PWC PWC Hugging Face Spaces

6D Rotation Representation for Unconstrained Head Pose Estimation (Pytorch)

animated

Paper

Thorsten Hempel and Ahmed A. Abdelrahman and Ayoub Al-Hamadi, "6D Rotation Representation for Unconstrained Head Pose Estimation", submitted to ICIP 2022. [ResearchGate][Arxiv]

Abstract

In this paper, we present a method for unconstrained end-to-end head pose estimation. We address the problem of ambiguous rotation labels by introducing the rotation matrix formalism for our ground truth data and propose a continuous 6D rotation matrix representation for efficient and robust direct regression. This way, our method can learn the full rotation appearance which is contrary to previous approaches that restrict the pose prediction to a narrow-angle for satisfactory results. In addition, we propose a geodesic distance-based loss to penalize our network with respect to the manifold geometry. Experiments on the public AFLW2000 and BIWI datasets demonstrate that our proposed method significantly outperforms other state-of-the-art methods by up to 20%.


Trained on 300W-LP, Test on AFLW2000 and BIWI

Full Range Yaw Pitch Roll MAE Yaw Pitch Roll MAE
HopeNet ( =2) N 6.47 6.56 5.44 6.16 5.17 6.98 3.39 5.18
HopeNet ( =1) N 6.92 6.64 5.67 6.41 4.81 6.61 3.27 4.90
FSA-Net N 4.50 6.08 4.64 5.07 4.27 4.96 2.76 4.00
HPE N 4.80 6.18 4.87 5.28 3.12 5.18 4.57 4.29
QuatNet N 3.97 5.62 3.92 4.50 2.94 5.49 4.01 4.15
WHENet-V N 4.44 5.75 4.31 4.83 3.60 4.10 2.73 3.48
WHENet Y/N 5.11 6.24 4.92 5.42 3.99 4.39 3.06 3.81
TriNet Y 4.04 5.77 4.20 4.67 4.11 4.76 3.05 3.97
FDN N 3.78 5.61 3.88 4.42 4.52 4.70 2.56 3.93
6DRepNet Y 3.63 4.91 3.37 3.97 3.24 4.48 2.68 3.47

BIWI 70/30

Yaw Pitch Roll MAE
HopeNet ( =1) 3.29 3.39 3.00 3.23
FSA-Net 2.89 4.29 3.60 3.60
TriNet 2.93 3.04 2.44 2.80
FDN 3.00 3.98 2.88 3.29
6DRepNet 2.69 2.92 2.36 2.66

Fine-tuned Models

Fine-tuned models can be download from here: https://drive.google.com/drive/folders/1V1pCV0BEW3mD-B9MogGrz_P91UhTtuE_?usp=sharing

Quick Start:

git clone https://github.com/thohemp/6DRepNet
cd 6DRepNet

Set up a virtual environment:

python3 -m venv venv
source venv/bin/activate
pip install -r requirements.txt  # Install required packages

In order to run the demo scripts you need to install the face detector

pip install git+https://github.com/elliottzheng/[email protected]

Camera Demo:

python demo.py  --snapshot 6DRepNet_300W_LP_AFLW2000.pth \
                --cam 0

Test/Train 3DRepNet

Preparing datasets

Download datasets:

  • 300W-LP, AFLW2000 from here.

  • BIWI (Biwi Kinect Head Pose Database) from here

Store them in the datasets directory.

For 300W-LP and AFLW2000 we need to create a filenamelist.

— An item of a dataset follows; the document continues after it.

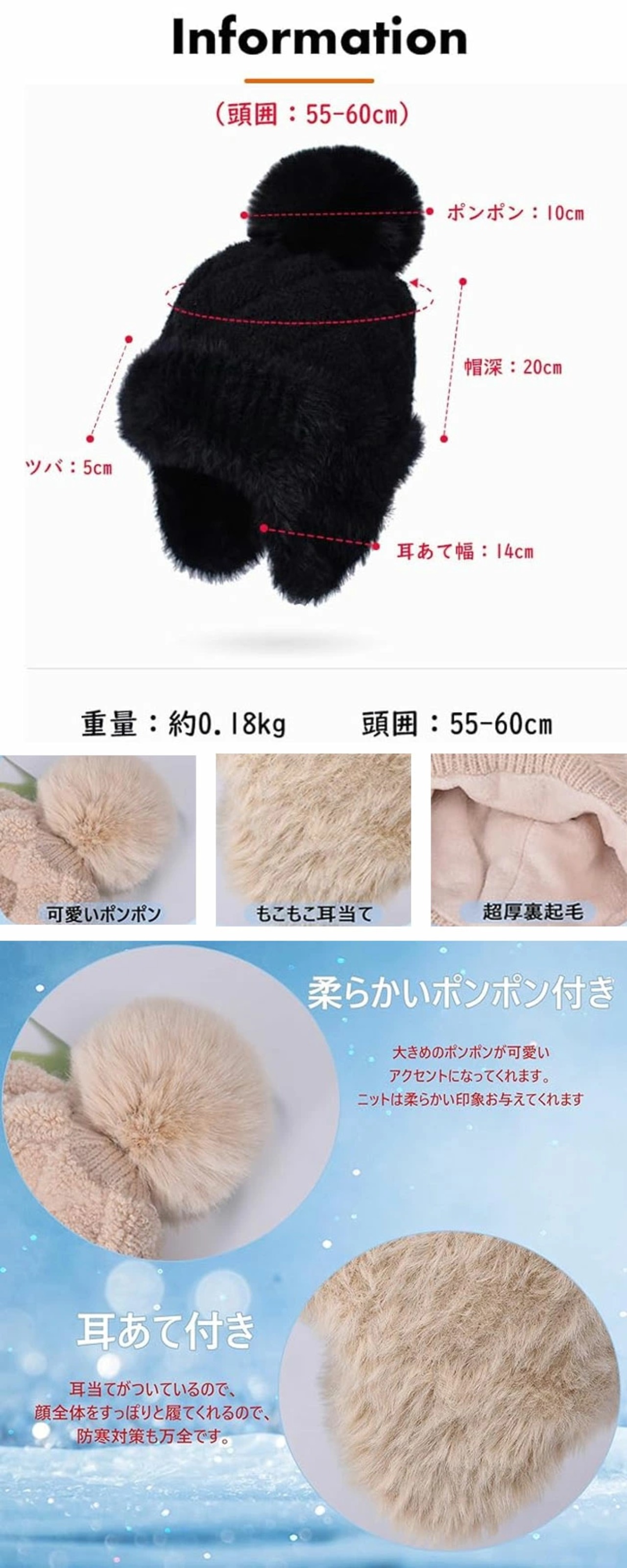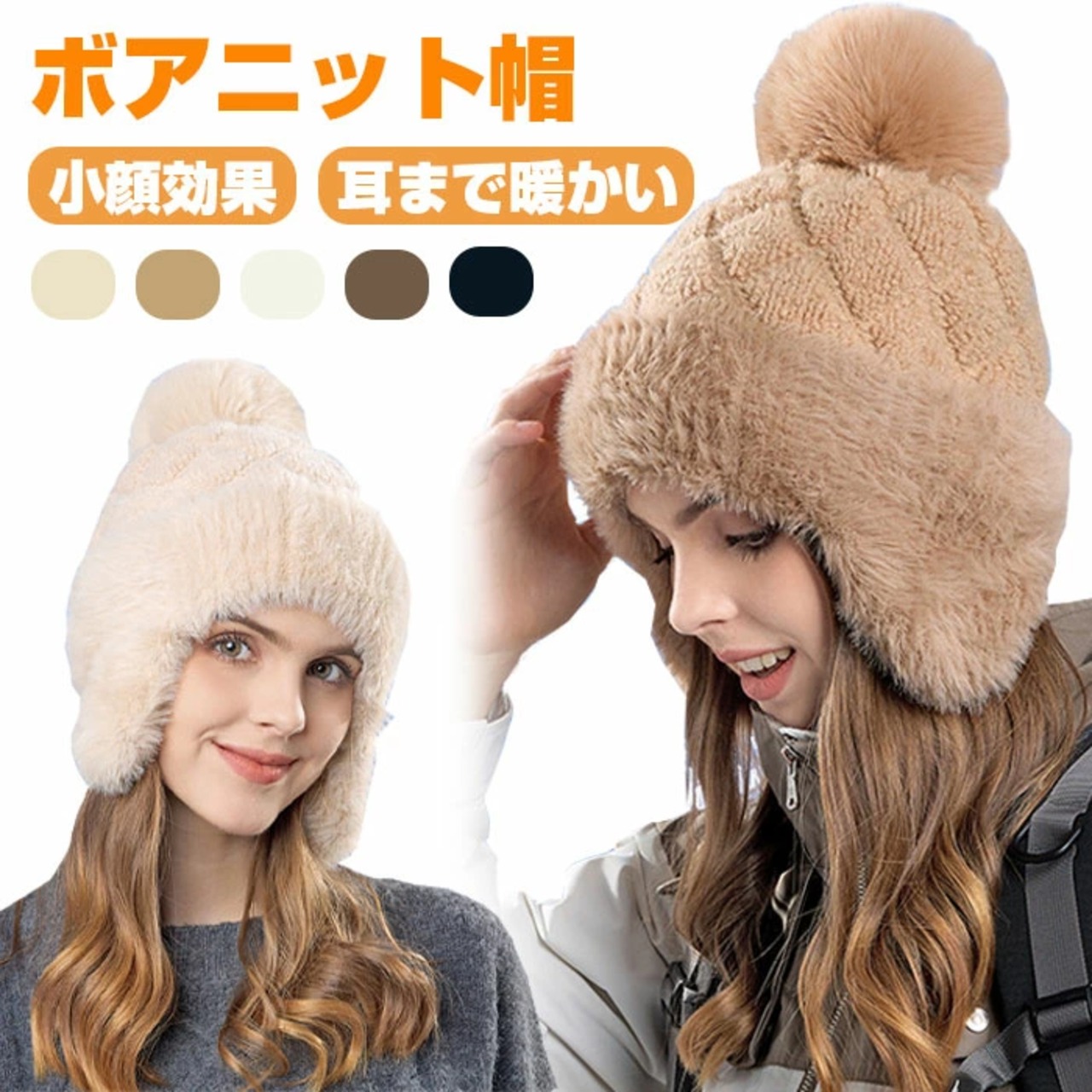ニット帽 耳あて付き レディース 帽子 裏起毛 レディース ニット帽子 防寒 防寒帽子 ボア ポンポン 防風 冬 女性 おしゃれ かわいい 柔らかい 暖かい かわいい 防風 大人可愛い 小顔効果 ベージュ ブラック | TPSどんどん

python create_filename_list.py --root_dir datasets/300W_LP

The BIWI datasets needs be preprocessed by a face detector to cut out the faces from the images. You can use the script provided here. For 7:3 splitting of the BIWI dataset you can use the equivalent script here. We set the cropped image size to 256.

Testing:

python test.py  --batch_size 64 \
                --dataset ALFW2000 \
                --data_dir datasets/AFLW2000 \
                --filename_list datasets/AFLW2000/files.txt \
                --snapshot output/snapshots/1.pth \
                --show_viz False 

Training

Download pre-trained RepVGG model 'RepVGG-B1g2-train.pth' from here and save it in the root directory.

python train.py --batch_size 64 \
                --num_epochs 30 \
                --lr 0.00001 \
                --dataset Pose_300W_LP \
                --data_dir datasets/300W_LP \
                --filename_list datasets/300W_LP/files.txt

Deploy models

For reparameterization the trained models into inference-models use the convert script.

python convert.py input-model.tar output-model.pth

Inference-models are loaded with the flag deploy=True.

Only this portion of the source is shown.